According to this, na hoti kiñci is equivalent to akiñcanā, implying that, like kiñcana, kiñci can also mean ‘attachment to the perception of existence.’ Thus the quote can be translated like this:

• How pleasant it is, for one with no attachment to the perception of existence, who has mastered the teaching, who is learned. See how they are troubled, those who are attached to the perception of existence. Man is emotionally bound to man.
☸ Sukhaṃ vata tassa na hoti kiñci saṅkhātadhammassa bahussutassa
Sakiñcanaṃ passa vihaññamānaṃ jano janasmiṃ paṭibaddharūpo ti
(Ud.13).

Illustrations: kiñcanaṃ, kiñci

Illustration: sakiñcano, attached to the perception of existence; akiñcanaṃ liberated from the perception of existence

I do not call one a Brahman due to one’s birth from a particular womb, or due to having arisen from a particular mother.
Na cāhaṃ brāhmaṇaṃ brūmi yonijaṃ mattisambhavaṃ

If he is attached to the perception of existence, (one who nonetheless regards himself a Brahman) is simply a snob.
Bhovādi nāma so hoti sace hoti sakiñcano

But one who is liberated from the perception of existence, free of grasping, he is what I call a Brahman.
☸ Akiñcanaṃ anādānaṃ tamahaṃ brūmi brāhmaṇaṃ (Sn.v.620; Dh.v.396).

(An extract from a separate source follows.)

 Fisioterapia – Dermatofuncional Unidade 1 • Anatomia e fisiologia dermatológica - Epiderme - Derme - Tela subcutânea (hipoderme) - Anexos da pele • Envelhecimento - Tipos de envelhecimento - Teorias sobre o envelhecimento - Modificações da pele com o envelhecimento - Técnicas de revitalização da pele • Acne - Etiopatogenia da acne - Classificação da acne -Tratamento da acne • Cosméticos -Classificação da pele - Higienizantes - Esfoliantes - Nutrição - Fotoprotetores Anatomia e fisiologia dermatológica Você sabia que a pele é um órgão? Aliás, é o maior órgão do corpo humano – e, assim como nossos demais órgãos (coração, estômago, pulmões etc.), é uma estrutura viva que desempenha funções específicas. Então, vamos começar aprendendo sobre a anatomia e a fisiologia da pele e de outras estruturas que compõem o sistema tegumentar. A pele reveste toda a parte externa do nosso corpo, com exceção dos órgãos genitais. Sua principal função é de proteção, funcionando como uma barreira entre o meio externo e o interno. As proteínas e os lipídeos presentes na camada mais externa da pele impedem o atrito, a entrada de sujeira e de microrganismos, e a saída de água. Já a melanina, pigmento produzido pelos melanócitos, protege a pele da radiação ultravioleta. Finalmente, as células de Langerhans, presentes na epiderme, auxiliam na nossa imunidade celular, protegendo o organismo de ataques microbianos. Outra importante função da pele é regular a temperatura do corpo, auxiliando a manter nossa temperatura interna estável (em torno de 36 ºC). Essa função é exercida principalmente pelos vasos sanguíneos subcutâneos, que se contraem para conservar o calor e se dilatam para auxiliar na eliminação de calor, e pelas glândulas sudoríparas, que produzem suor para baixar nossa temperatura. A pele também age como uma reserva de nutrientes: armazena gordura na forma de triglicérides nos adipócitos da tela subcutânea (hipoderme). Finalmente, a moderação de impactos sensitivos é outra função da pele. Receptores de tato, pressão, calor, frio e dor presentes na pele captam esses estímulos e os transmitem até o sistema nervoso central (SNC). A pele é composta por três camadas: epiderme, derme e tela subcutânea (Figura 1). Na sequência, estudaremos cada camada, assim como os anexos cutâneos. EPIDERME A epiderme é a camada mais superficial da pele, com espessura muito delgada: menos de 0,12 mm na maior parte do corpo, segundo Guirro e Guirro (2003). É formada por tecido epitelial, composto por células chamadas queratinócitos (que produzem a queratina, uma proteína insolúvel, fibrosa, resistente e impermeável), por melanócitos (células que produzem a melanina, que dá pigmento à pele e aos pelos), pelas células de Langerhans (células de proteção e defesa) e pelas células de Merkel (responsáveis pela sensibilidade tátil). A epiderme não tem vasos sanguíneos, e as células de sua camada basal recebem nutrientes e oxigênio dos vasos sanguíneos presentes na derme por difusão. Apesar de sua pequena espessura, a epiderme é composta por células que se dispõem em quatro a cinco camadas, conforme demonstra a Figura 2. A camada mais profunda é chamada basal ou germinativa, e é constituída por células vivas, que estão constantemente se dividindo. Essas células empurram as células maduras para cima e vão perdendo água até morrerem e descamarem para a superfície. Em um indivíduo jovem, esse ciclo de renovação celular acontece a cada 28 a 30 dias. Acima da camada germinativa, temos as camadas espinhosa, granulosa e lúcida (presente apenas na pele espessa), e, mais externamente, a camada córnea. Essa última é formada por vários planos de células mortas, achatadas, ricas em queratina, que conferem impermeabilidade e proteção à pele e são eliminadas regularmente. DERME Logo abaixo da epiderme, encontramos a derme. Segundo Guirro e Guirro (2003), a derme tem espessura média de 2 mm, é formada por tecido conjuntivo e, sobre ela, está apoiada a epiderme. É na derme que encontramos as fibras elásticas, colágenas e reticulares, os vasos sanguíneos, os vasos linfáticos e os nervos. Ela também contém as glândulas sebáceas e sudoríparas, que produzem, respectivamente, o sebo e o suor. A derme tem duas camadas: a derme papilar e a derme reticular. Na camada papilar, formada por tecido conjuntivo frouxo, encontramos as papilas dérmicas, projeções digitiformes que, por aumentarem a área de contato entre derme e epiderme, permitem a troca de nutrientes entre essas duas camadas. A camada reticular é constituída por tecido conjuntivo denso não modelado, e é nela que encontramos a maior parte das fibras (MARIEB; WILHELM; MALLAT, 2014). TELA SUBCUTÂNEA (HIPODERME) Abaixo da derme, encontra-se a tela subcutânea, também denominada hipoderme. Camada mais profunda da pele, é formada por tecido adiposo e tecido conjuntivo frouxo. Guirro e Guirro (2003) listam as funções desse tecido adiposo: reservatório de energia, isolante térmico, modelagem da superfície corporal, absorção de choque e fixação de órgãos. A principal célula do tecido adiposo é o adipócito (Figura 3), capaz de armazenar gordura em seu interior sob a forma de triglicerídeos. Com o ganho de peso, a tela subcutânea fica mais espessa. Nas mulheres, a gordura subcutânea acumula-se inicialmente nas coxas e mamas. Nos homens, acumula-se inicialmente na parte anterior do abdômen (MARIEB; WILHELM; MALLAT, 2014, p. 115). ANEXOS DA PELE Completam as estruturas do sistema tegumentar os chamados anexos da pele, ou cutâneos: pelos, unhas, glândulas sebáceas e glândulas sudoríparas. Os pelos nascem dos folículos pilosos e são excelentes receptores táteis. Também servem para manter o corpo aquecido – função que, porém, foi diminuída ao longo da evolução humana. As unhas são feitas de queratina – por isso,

Illustration: natthi kiñcī, there is (nowhere) anything at all

The state of awareness of nonexistence can be known, where one perceives that there is (nowhere) anything at all
natthi kiñcī ti ākiñcaññāyatanaṃ neyyan ti (M.1.293).

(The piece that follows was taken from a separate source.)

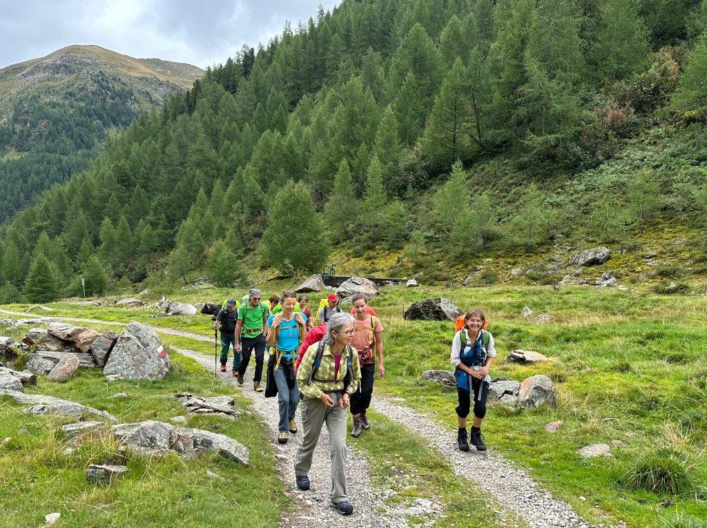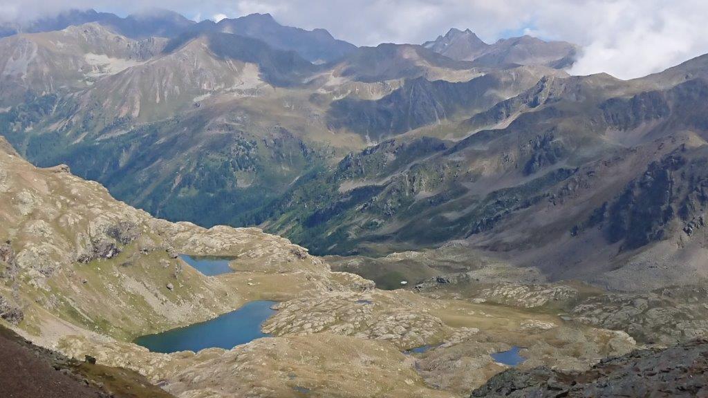 Mit dem etwas späteren Start am Samstag konnten wir dem ausklingenden Regen von Freitag Nacht und Samstag Morgen ausweichen, um bei einigen wenigen Nebel- und Wolkenschwaden, aber auch schon mit etwas Sonne durch das Kirchbergtal die Haselgruberhütte zu erreichen. Nach der Mittagspause bei dieser kleinen, aber feinen Hütte folgten wir dem Steig zu den, nun schon teils im Sonnenlicht schimmernden Haselgruber Seen, vorbei am Glecksee und zum Gleckspitz (2.957 m), bei dem sich die Sicht leider ein wenig eingetrübt hatte. Allerdings konnten wir unser Ziel, die Dorigonihütte im Sallenttal sehr gut sehen, da auf dieser Seite des Bergkammes das Wetter besser war.

Illustration: natthi kiñcanaṃ, there is (nowhere) anything at all

The world (of beings), fettered by undiscernment of reality, appears truly fit-for-purpose.
Mohasambandhano loko bhabbarūpo va dissati

… For the fool tethered by attachment and blanketed in darkness
Upadhisambandhano bālo tamasā parivārito

… it indeed seems eternal, but for one who sees (the nature of reality), there is (nowhere) anything at all.
Sassato-r-iva khāyati passato natthi kiñcanaṃ ti (Ud.79).

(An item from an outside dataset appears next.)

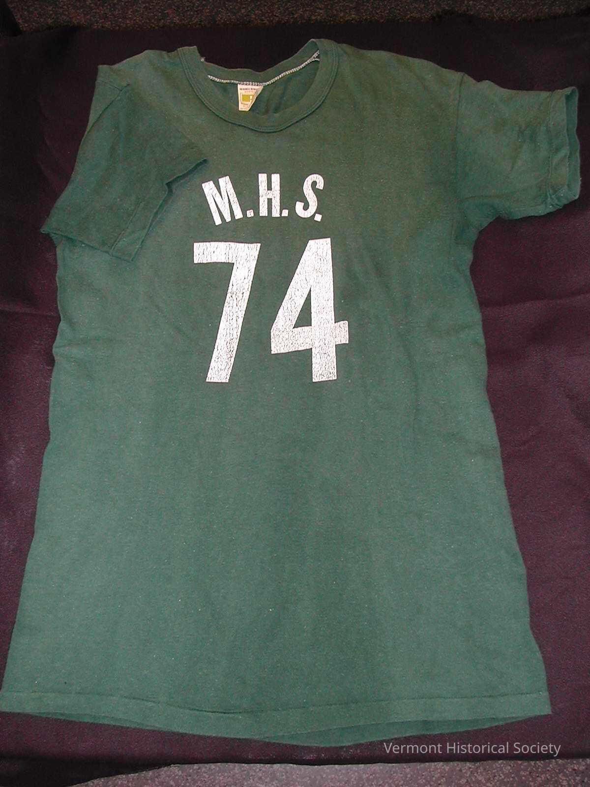 Short-sleeved green t-shirt printed on the front with the inscription, "M.H.S. 74", in white.

Illustration: natthi kiñcanaṃ, there is (nowhere) anything at all; akiñcanaṃ liberated from the perception of existence

A person for whom there is (nowhere) anything at all in either the past, the future, or the present,
Yassa pure ca pacchā ca majjhe ca natthi kiñcanaṃ

Who is liberated from the perception of existence, free of grasping, he is what I call a Brahman.
Akiñcanaṃ anādānaṃ tamahaṃ brūmi brāhmaṇaṃ (Sn.v.645).

Illustration: natthi kiñcanaṃ, there is (nowhere) anything at all

For one who has mastered craving, for one who knows and sees (the nature of reality), there is (nowhere) anything at all.
Paṭividdhā taṇhā jānato passato natthi kiñcanaṃ ti (Ud.80).